You use "extract($_)//'invalid'" to print 'invalid' if the sub returns nothing.

Can I do more with // ?

It's the defined-or operator. See perlop for full details.

You can use (??{ }) to create the second half of the regex after parsing the left half:

use v5.20;

while (<DATA>)
{
  chomp;
  say "$_ => '$1' x '$2'" if /x(.*)x((??{ ".{".length($1)."}" }))x/;
}
__DATA__
xaxxax
xxx
x.x.x
x12x..x
x123x...x
x123x.x.x
[download]

xxx => '' x ''
x.x.x => '.' x '.'
x12x..x => '12' x '..'
x123x...x => '123' x '...'
x123x.x.x => '123' x '.x.'
[download]

Hi,

Disclaimer: I am not a regex wizzard, so I'm not sure if the following has any pitfalls, but it does appear to be possible with a single regex:

print $_, /(x(.*)x(??{ '.{'.length($2).'}' })x)/
    ? " matches, \$1 = $1\n" : " doesn't match\n"
        for qw/ xxx x.x.x x12x..x x123x...x x1x2x...x
            x123x.x.x x12x1x ax1x2xbx34x56xc /;

__END__

xxx matches, $1 = xxx
x.x.x matches, $1 = x.x.x
x12x..x matches, $1 = x12x..x
x123x...x matches, $1 = x123x...x
x1x2x...x matches, $1 = x1x2x...x
x123x.x.x matches, $1 = x123x.x.x
x12x1x doesn't match
ax1x2xbx34x56xc matches, $1 = x1x2xbx34x56x
[download]

Update: Changing the first part of the regex to x(.*?)x (non-greedy) will allow you to match all the substrings in that last example above (and the rest of the examples above will continue to work the same):

my $re = qr/(x(.*?)x(??{ '.{'.length($2).'}' })x)/;
my $str = "ax1x2xbx34x56xc";
while ($str=~/$re/g) {
    print "found \"$1\"\n";
}

__END__

found "x1x2x"
found "x34x56x"
[download]

Hope this helps,
-- Hauke D

Hi Hauke,

I am trying to fully understand all the new things.

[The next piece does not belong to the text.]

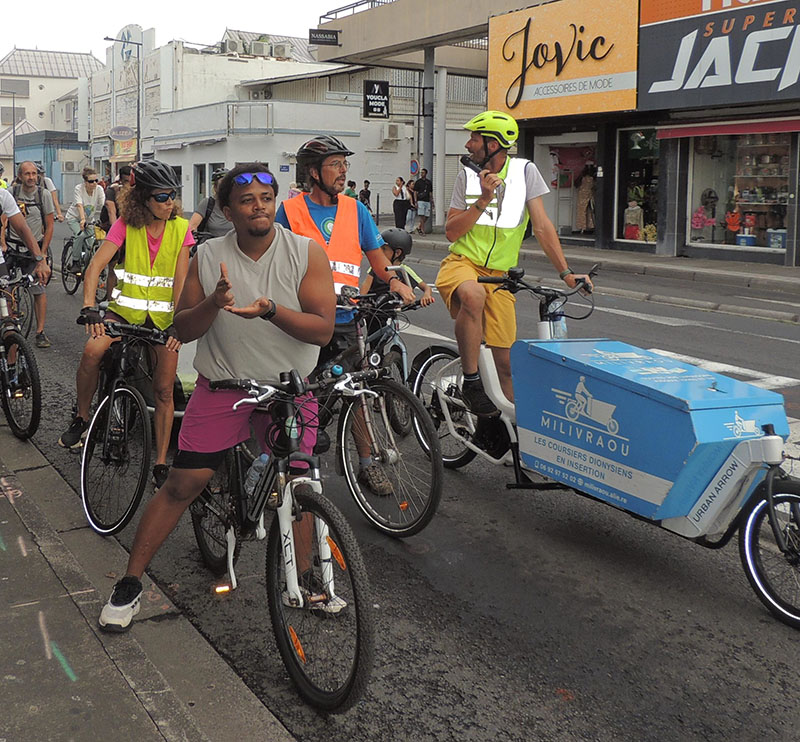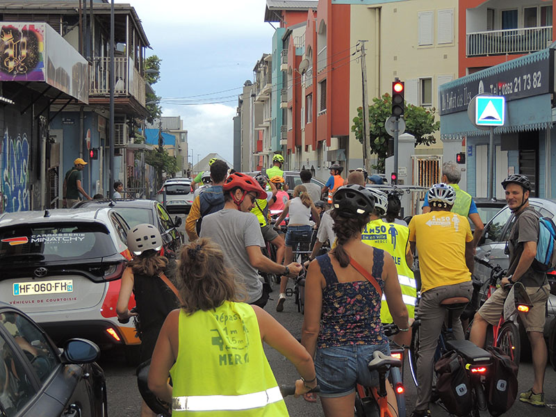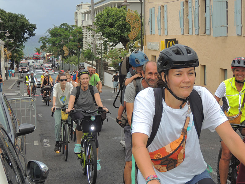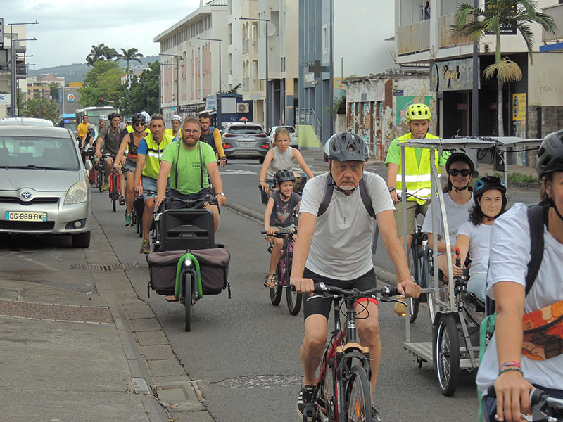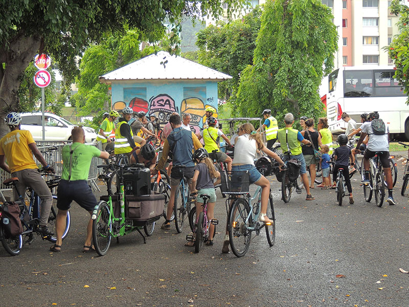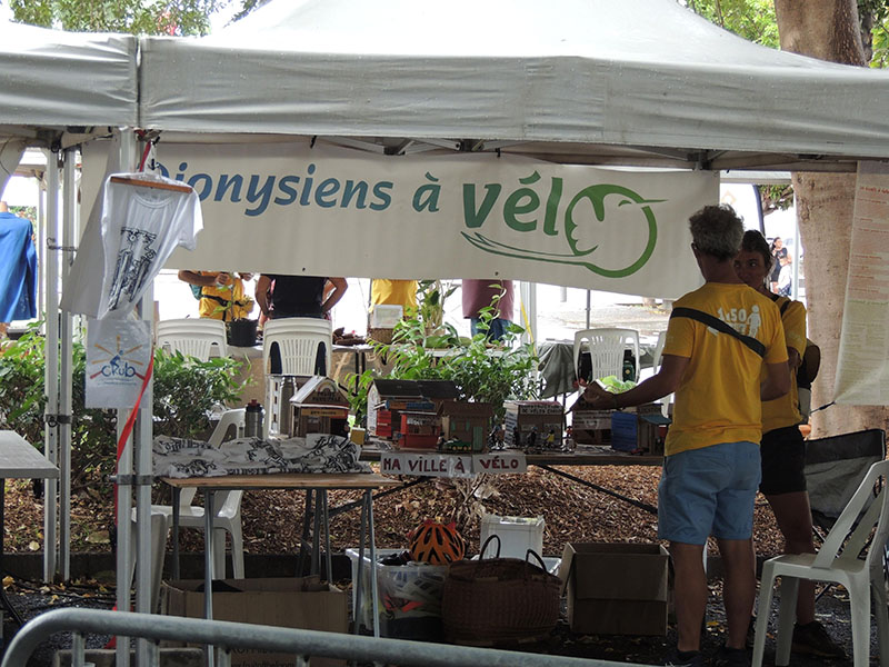 Le Collectif réunionnais des usagers de la bicyclette (CRUB) et les Dionysiens à vélo ont animé le Village système vélo puis, à 16h, les bénévoles ont encadré une Véloparade dans les rues de Saint-Denis, l’occasion de faire la promotion des aménagements cyclables et d’annoncer le concert de Grèn Sémé le soir même.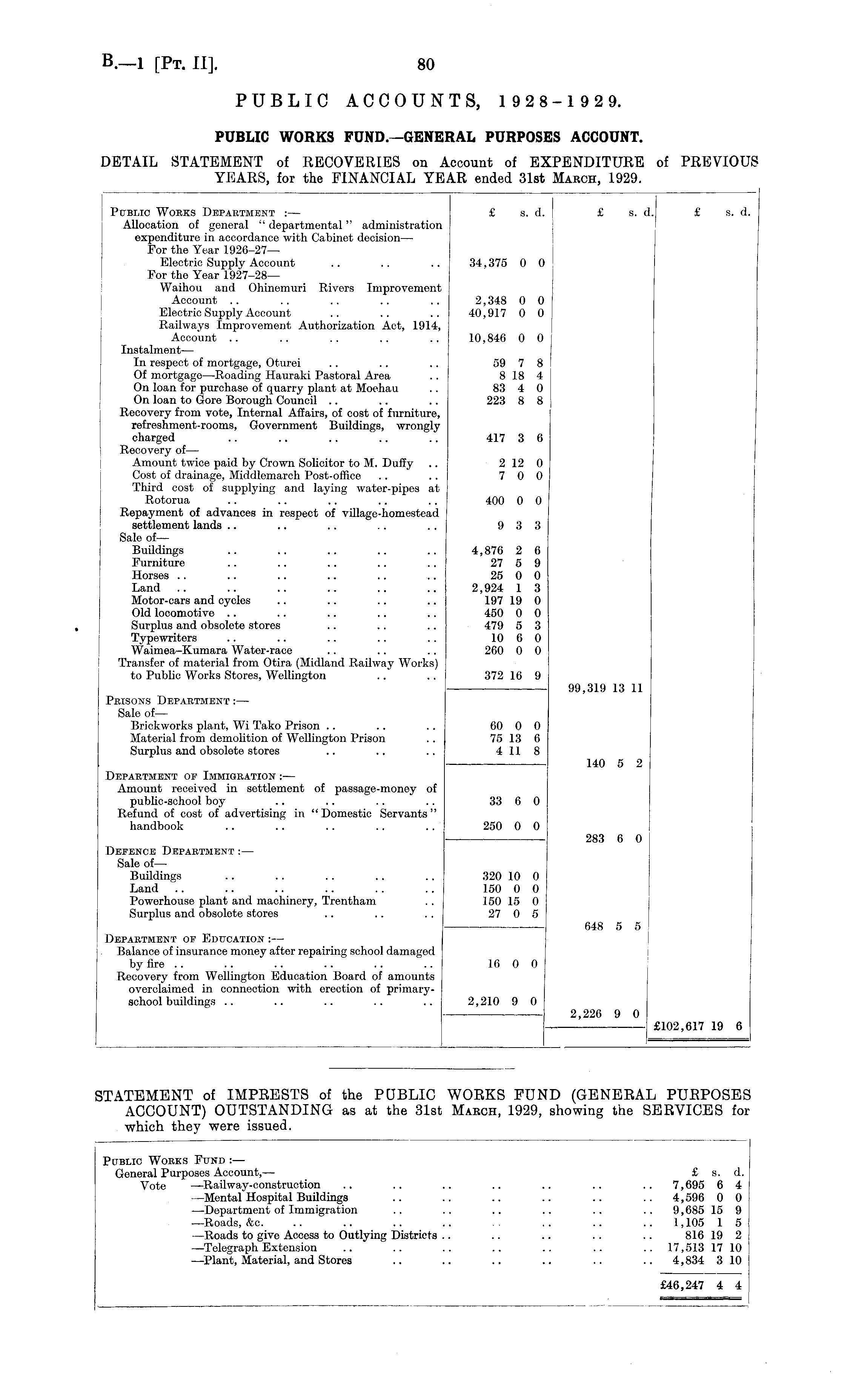 Public Works Fund :— General Purposes Account, — £ s. d. Vote -Railway-construction .. .. .. .. .. .. .. 7,695 6 4 —Mental Hospital Buildings .. .. .. .. .. .. 4,596 0 0 —Department of Immigration .. .. .. .. .. .. 9,685 15 9 —Roads, &c. .. .. .. .. .. .. .. 1,105 1 5 —Roads to give Access to Outlying Districts .. .. .. . . .. 816 19 2 —Telegraph Extension .. .. .. .. .. .. .. 17,513 17 10 —Plant, Material, and Stores .. .. .. .. .. .. 4,834 3 10 £46,247 4 4

One question to your construct "for"

print "$_ =>\n" 
  for qw/ 1 12 123/;
[download]

is working fine. I like this style. But I can not combine it with an if or multiple lines.

{print "$_ =>\n" if $_=/1/ }
  for qw/ 1 12 123/;
[download]

gives me floowing error message: "Missing $ on loop variable at ./test3.pl line 2." and I can not understand, what is mean by this error meassage.

Hi Anonymous,

You can't use more than one statement modifier like for or if at a time (and I think that if you were able to, it would lead to more hard-to-understand code). If your code gets more complex you should instead use a normal for loop:

for my $n (qw/1 12 123 234/) {
    print "$n =>\n" if $n=~/1/;
}
[download]

(Ok, there is a way to do what you want, but legibility begins to suffer if it gets longer: /1/ and print "$_ =>\n" for qw/1 12 123 234/;)

Update: I should add that I was golfing a little bit in my example code, and that compressed style is not necessarily something one should strive to use in production code ;-)

Regarding the other question about (??{ }), that's documented along with (?{ }) in perlre. The oversimplified explanation is that the code inside (??{...}) is evaluated and its return value embedded as part of the regular expression (but make sure to read the docs). So in my regex, the code '.{'.length($2).'}' takes the length of the string matched in between the first set of x's (x(.*)x), and then generates an expression like .{N} (where N is the length), so if the input were x12345x67890x, the regular expression it is matched against is x.*x.{5}x.

Hope this helps,
-- Hauke D

Updated wordings a little bit.

Hi Hauke,

Perfect solution. Exact what I wanted to have.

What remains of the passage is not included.